The US Navy has announced a new US$5m (£3.8m) contract, which will see it deploy robotics across several sites to inspect ships for damage and gather data to build digital models of vessels.
This data will accordingly be fed back to a software platform enabled by artificial intelligence (AI).
Overall, the robots are expected to increase the speed and quality of maintenance processes for US Navy surface ships, including amphibious assault ships.
Data collected will be used to create structured data sets to support the organisation’s move towards more predictive maintenance planning in the future.
In March this year, the US navy deployed a hull-scaling robot for the first time on an amphibious assault ship, as well as an additional Arleigh Burke Class destroyer.

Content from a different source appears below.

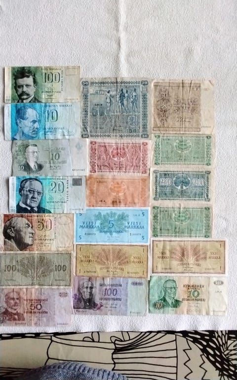 70 €Suomalaiset vanhat setelit markka ajalta 1939-1993 vuosilta 19 kpl.Lahti, Keski-Lahti, Päijät-Häme5.10.Lisää suosikiksi.

According to the US Government’s Accountability Office, the Department of Defense spends US$90bn (£68.6bn) a year on ensuring that ground systems, ships, aircraft and other associated infrastructure is combat-ready through scheduled maintenance or repair work when needed.
However, in December 2022, it published a report that recommended the US Navy introduce predictive maintenance practices; the solutions deployed through the new contract are designed to help implement predictive processes across certain US Navy operations.
The contract is with shipbuilding company Huntington Ingalls Industries and Gecko Robotics, which will supply the AI platform for data collection and analysis.
Navy data suggests that using robotic assessment technologies and AI-driven data collection reduces lead time and work hours associated with maintenance cycles, while also increasing the availability of data and finding defects missed through traditional methods.
What’s more, for one Navy asset, traditional methods captured 100 data points while the AI platform reportedly captured more than 4.2 million.